Marcotte's release was two days shy of the second anniversary of Malik's slaying -- Nov. 20, 2014. That was the day, police said, Marcotte's boyfriend and Malik's father, Jeffery Clifton, 44, beat the toddler to death because the boy drank another child's drink.

[MALIK DRUMMOND: Timeline of the 2-year-old boy's disappearance]

Marcotte and Clifton had conspired to conceal Malik's death for three days. At that point, Clifton disposed of the body in a vacant lot in another town, and the couple then told police the child walked away from home.

Hundreds searched the Searcy area for the missing toddler. It was a year before Marcotte changed her story and implicated Clifton in the murder, in the body's disposal and in previous beatings of Malik and his twin sister.

Clifton was sentenced in May to 40 years in prison after he pleaded no contest to second-degree murder and abuse of a corpse.

Malik lived with his mother, Tanya Drummond, but was spending some time at his father's home in Searcy when the killing took place.

Drummond was never implicated in the killing even though Marcotte told police that Clifton at one point tried to come up with a way to implicate the boy's mother in his disappearance.

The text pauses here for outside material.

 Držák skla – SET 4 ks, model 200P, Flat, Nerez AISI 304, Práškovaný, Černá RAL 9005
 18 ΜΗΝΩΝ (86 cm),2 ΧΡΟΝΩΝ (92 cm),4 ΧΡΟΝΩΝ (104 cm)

Drummond has since had her own legal troubles and pleaded guilty in late September to second-degree terroristic threatening, a misdemeanor, for threatening a child-welfare worker. An online court information site indicated Drummond was fined $250, which also included court costs. It wasn't clear whether Drummond was sentenced to any jail time. She was jailed for a while after her arrest in April.

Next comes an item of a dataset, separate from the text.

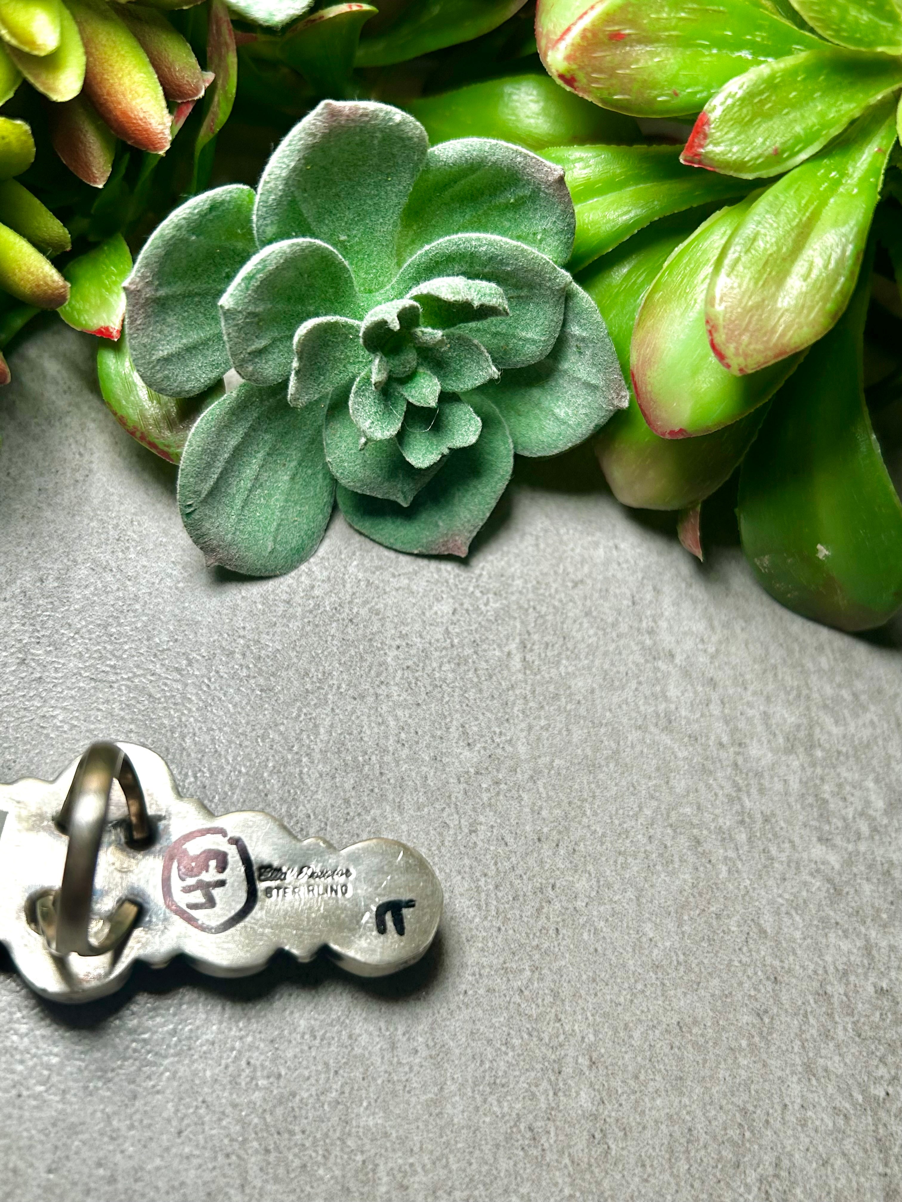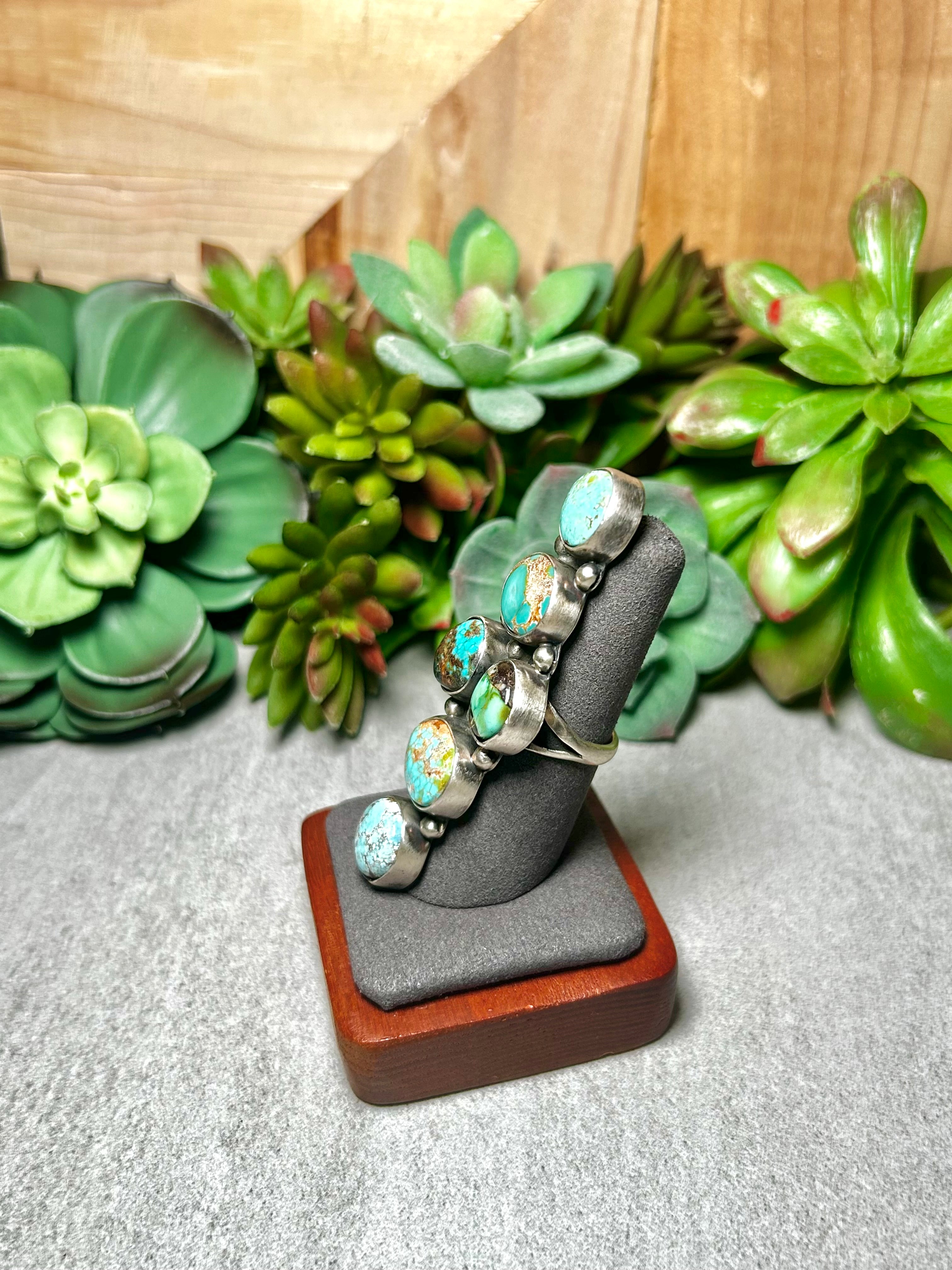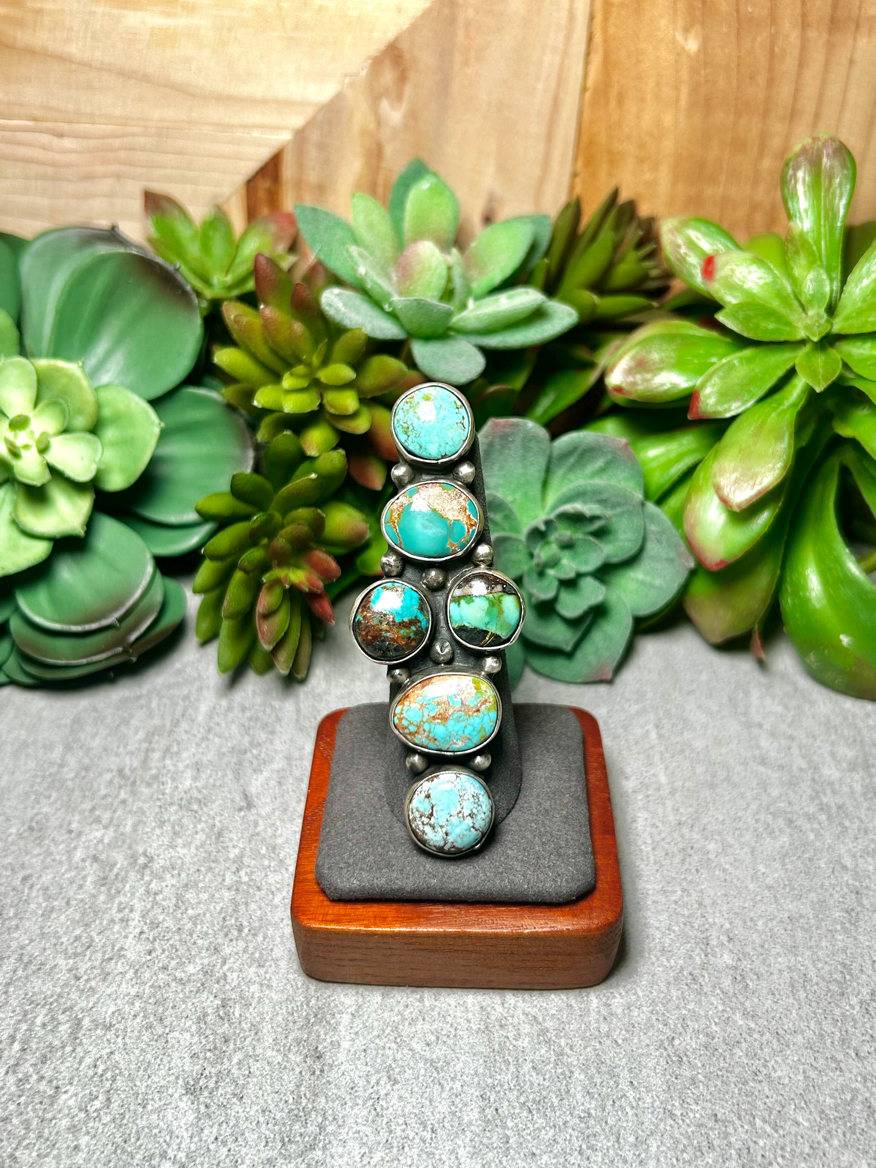 Ella Peter Mixed Turquoise & Sterling Silver Ring Size 7.25. It measures 2 3/4 inches long and 1 1/8 inches wide. Signed by the artist and stamped sterling silver.

Recently, though, she has made Facebook posts, including a link Friday to an article in The Daily Citizen of Searcy about Marcotte's release.

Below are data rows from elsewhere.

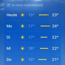 Unser Tag hat heute 24 Stunden Sonne. Auf der Wetterkarte ist das schriftlich festgehalten. Da können wir ja einiges erledigen. 🥳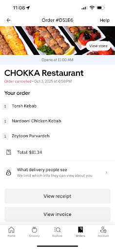 Read moreTwo nights ago, I ordered two squares of kebab (without rice) on Uber Eats and even called the restaurant to add extra tomatoes. Shortly after, my order was canceled — and Uber Eats showed that the cancellation came from the restaurant’s side. Tonight, I discovered that I was still charged almost $82. That’s really disappointing. If the food isn’t available, the restaurant shouldn’t keep the item active on the app. I contacted Uber Eats support, but they said they couldn’t refund me. I’ll never order from this place again and wouldn’t recommend it to anyone.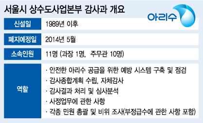 서울시 고위 관계자는 2일 "상수도사업본부 감사과는 제역할을 하지 못하기 때문에 빠르면 이달 중 폐지될 것"이라며 "감사과 일부 인력은 서울시 감사관 소속으로 편입될 것"이라고 설명했다.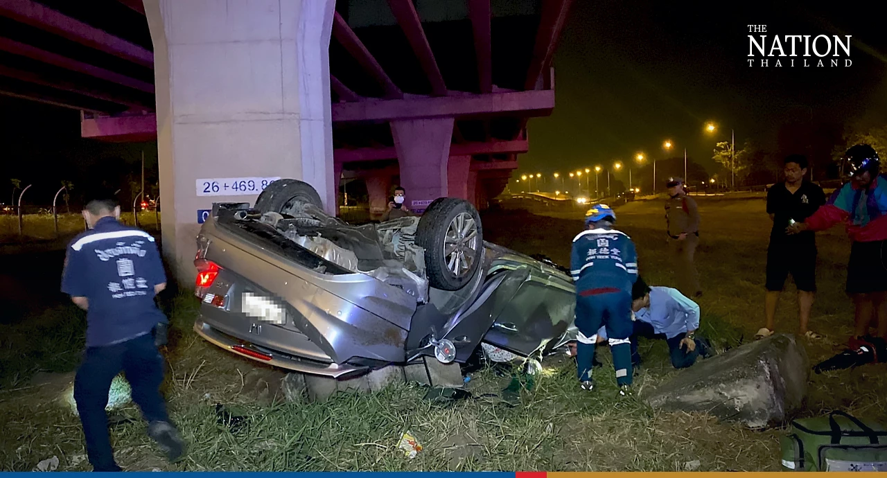 Investigators say the car was on the expressway at the Sukhapiban 5 side heading towards Rama IX Road. The car then reportedly swerved and drove against the traffic for about 3 kilometres before crashing into a temporary barrier and falling off the expressway.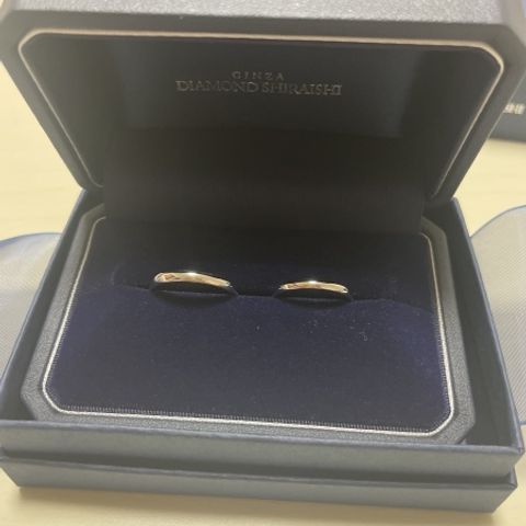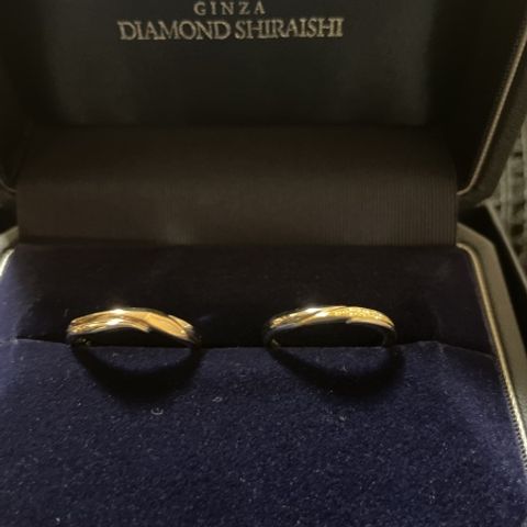 ストレートよりもカーブを選びました。シルバーが多い中ゴールドの選択をしました。女性側にダイヤモンドを入れることでより華やかな印象になりました。入籍日を裏側に入れ特別な指輪に仕上げていただきました。可愛いです。

Neither Prosecuting Attorney Rebecca Reed McCoy nor Drummond could be reached for comment by phone Friday. Drummond did not immediately reply to a Facebook message, and a residential phone listing for McCoy was unavailable.

The Correction Department's "military style boot camp" in Jefferson County is "for first-time, non-violent inmates and work release for female inmates," the agency's website says.

Community Correction's website indicates it provides "basic supervision" for former inmates on parole or probation. Marcotte was living in Springdale before she went to prison. No information on her current home was available Friday.

"Parole and probation community-based supervision provides the opportunity for offenders to live and work in the community while completing the remainder of their sentence," the website says. "Random drug screening is generally required and offenders are required to pay a supervision fee."

Vinelink.com, which helps victims or their relatives keep track of criminal offenders, shows that Marcotte is "out of custody" but says the reason is "unknown." The site has a provision where victims can ask to be notified if the offender's status changes. But Marcotte's listing says, "Registration for notification is not currently available for this offender."

Marcotte's release was especially surprising because her sentence was an upward departure from sentencing guidelines, according to her sentencing order.

An aggravating factor cited in that order was the "extreme nature of cover-up." She also "attempted to cover offense by intimidation of witnesses, tampering of evidence, or misleading authorities," the order said, and she committed the offense "to avoid arrest or effect escape," according to the order.